Link to paper

The full paper is available here.

You can also find the paper on PapersWithCode here.

Abstract

Compiled as lecture notes for a course at the University of Southern California
Accessible to engineering graduate students with a strong background in Applied Mathematics
Introduce student to topics in deep learning
Exploit connections between deep learning algorithms and conventional techniques of computational physics
Use concepts from computational physics to develop understanding of deep learning algorithms
Novel deep learning algorithms can be used to solve challenging problems in computational physics

Paper Content

Computational physics

Computational physics solves problems in science and engineering
Involves collecting measurements of an observable
Postulating a physical law based on observations
Writing a mathematical description of the law
Solving the system using exact or approximate methods

Machine learning

ML does not require physical laws
Collect data from physical phenomena, measurements, or numerical solvers
Train algorithm to discover patterns or relations
Use ML algorithm to make predictions and validate with data

Examples of ml

Regression algorithms are used to approximate a function given a set of pairwise data
Decision trees can be used to predict the probability of a new individual owning a house
Clustering algorithms are used to find patterns in a set of data

Types of ml algorithms based leaning task

Supervised learning: Predicting labels for new data based on existing data
Unsupervised learning: Finding relations among different regions of data

Artificial intelligence, machine learning and deep learning

AI, ML and DL are related but different concepts
AI refers to a system with human-like intelligence
ML is a key component of an AI system
Self-driving cars are an example of AI
ML algorithms are trained using data
DL is a subset of ML algorithms
DL architecture is loosely motivated by how signals are transmitted by the central nervous system

Machine learning and computational physics

Combining computational physics and ML can provide an alternate route to representing mathematical laws.
Physics knowledge can help reduce the amount of data required to train ML algorithms.
Tools from computational physics can be applied to ML to better understand and design ML algorithms.

Mlp architecture

MLP is used to approximate a function f: x ∈ R d → y ∈ R D
MLP consists of a source layer, hidden layers and an output layer
Weights and biases are associated with each neuron
Activation function is applied component-wise
Output function may be used at the end of the output layer
Depth of the network is the number of computing layers
Parameters of the network are the weights and biases

Activation functions

Activation function is important in MLP
Many activation functions available with different advantages and disadvantages
Figure 2.2 provides more information

Linear activation

Linear activation function is infinitely smooth.
Range of the function is from negative infinity to positive infinity.
Network reduced to single affine transformation of input, making it a linear approximation of target function.

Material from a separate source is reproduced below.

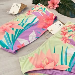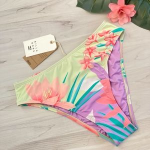 Covered in pop color tropicals, this bikini is made from soft and stretchy, recycled swim fabric.

Rectified linear unit (relu)

Function is piecewise linear
Function is continuous
Derivative is piecewise constant with a jump at ξ = 0
Second derivative is a dirac function concentrated at ξ = 0
Range of the function is [0, ∞)

Leaky relu

ReLU activation leads to null output if affine transformation is negative.
Leaky ReLU was designed to overcome challenge of dying neurons.
Derivatives of Leaky ReLU behave same as ReLU.
Range of Leaky ReLU is (-infinity, infinity).

Logistic function

Function is smooth and monotonic.
Range of function is (0, 1).
Derivative quickly decays to zero away from 0, leading to slow convergence.

Tanh

Tanh is a symmetrical extension of the logistic function.
Tanh is smooth, monotonic and bounded between -1 and 1.

Sine

Sine function is an efficient activation function.
Sine function is infinitely smooth and bounded.

Expressivity of a network

Increasing N θ has an effect on the ReLU activation function.
A simple example is used to illustrate the effects.
The number of kinks in the output increases as the depth and width of the network increases.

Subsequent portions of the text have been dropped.